In the third place, Burlington or Everett sharing their tax money with Oak Harbor is the biggest crock of all. We said we don’t want any more stores, Burlington and Everett welcomed them, one of the positives is they get more tax revenue. It’s not their problem Oak Harbor decided to forego the tax revenues, bigger cities need the money for their services as badly as we do. The big urban areas couldn’t care less if we stay rural, grow exponentially, or disappear. If we carry this equalization nonsense further, Oak Harbor is a big box city so we should share our tax money with Friday Harbor since they don’t have any big stores.
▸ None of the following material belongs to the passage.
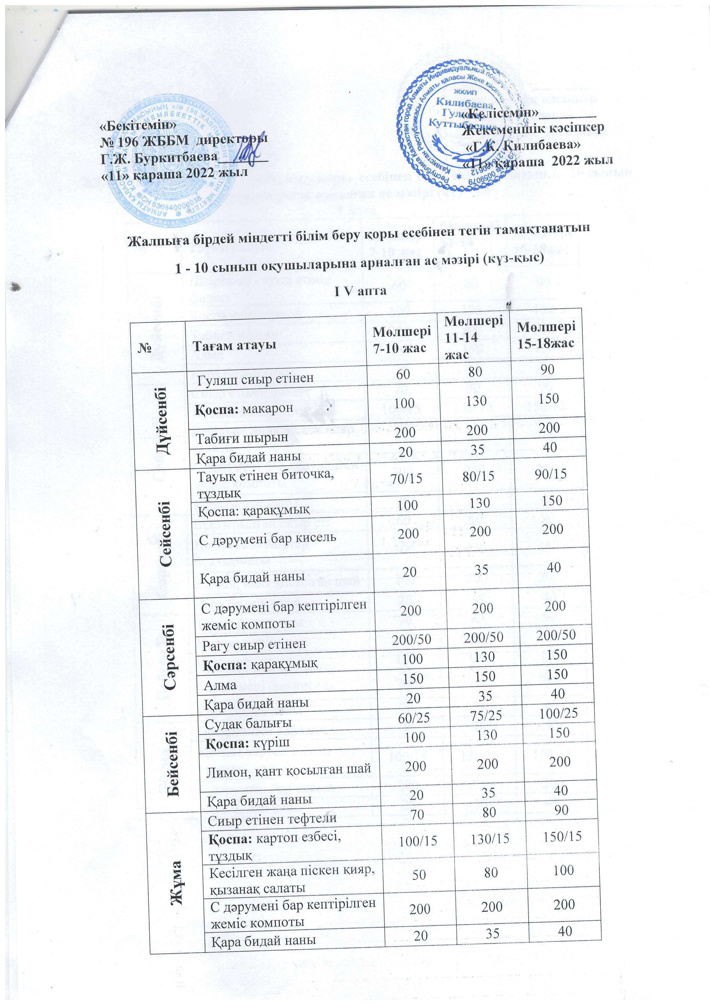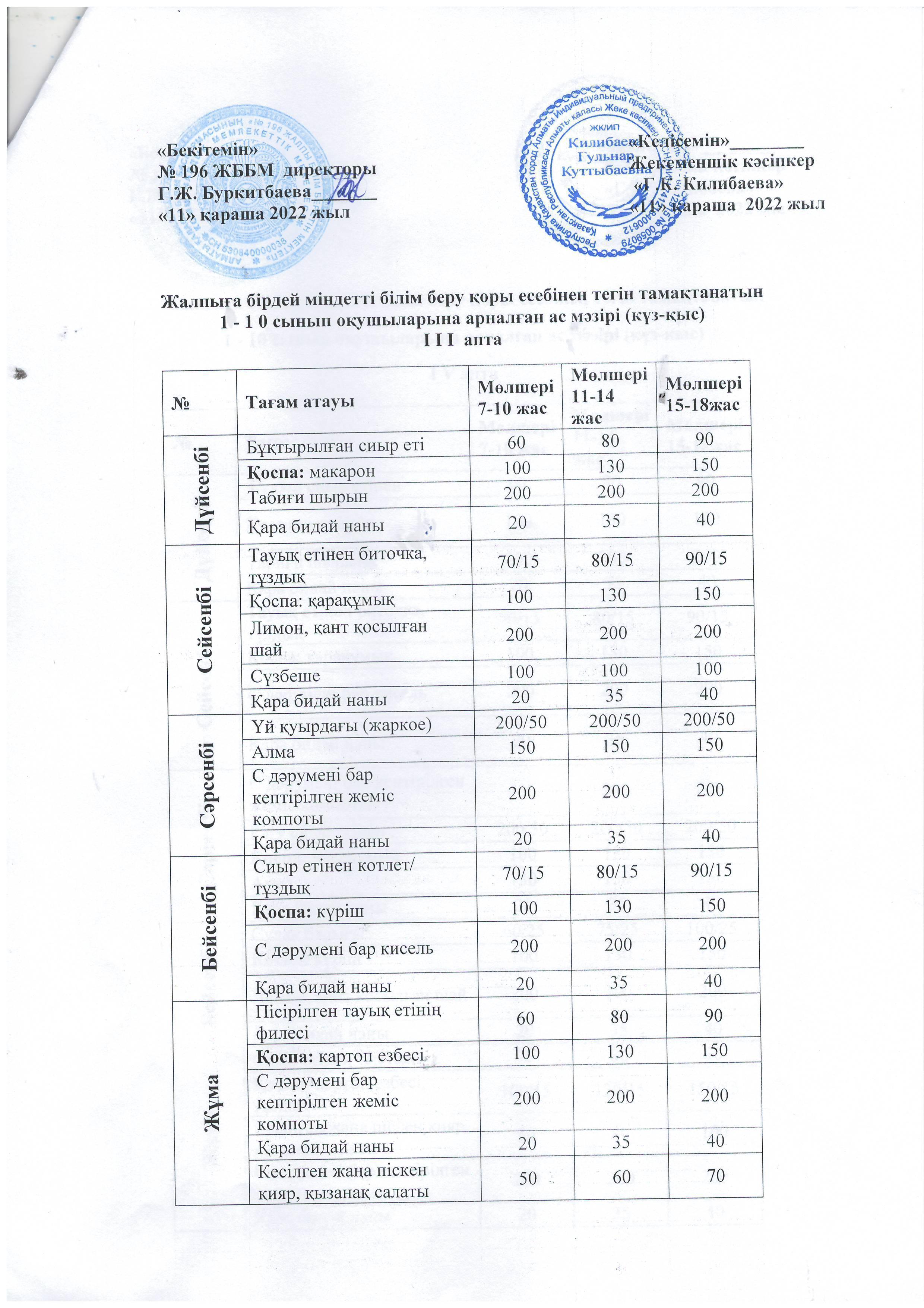 №196 мектеп » Тамақтандыру » ІІ тоқсан. Өзгертілген ас мәзірі. Жалпыға бірдей міндетті білім беру қоры есебінен тегін тамақтанатын 1 - 10 сынып оқушыларына арналған ас мәзірі (күз-қыс)

But wait a minute, Friday Harbor should share their money from their stores with Edison since Edison doesn’t have any stores at all. I think you can see where this is going and it is readily apparent that injecting logic and reason will kill equalization in a hurry. The only possible winners are the ones at the end, the truly rural areas. To quote the editor, “It doesn’t get any more “win-win” than that.” No way. Not even close, not in my book.
In the fourth place, since we are “missing” all this money, have no way to get any in the foreseeable future and claim we are rural, maybe we should cut down on some of the big city amenities we seem to think we need.
How about the library? Do we really need water piped to our houses and the sewage pumped away? WAIF can go, don’t animals live in the wild in rural areas? Do we need to have the ambulance or fire department show up in eight minutes? Parks and recreation? Hey, folks, these are big city benefits you think you have to have, but would like somebody else to pay for, and it doesn’t work that way. If you want big city perks, you have to pay big city money.
In the fifth place, I would rather have a 20-acre field with Costco on it than a 20-acre field filled with condos. At least Costco has limited hours, considerably smaller impact on public services (water, sewer, police, fire, etc.) probably even traffic, creates a number of good paying jobs (less traffic off the Island?) and would pay more taxes. On top of all that, they maintain their facilities and I wouldn’t have to drive all the way to Burlington!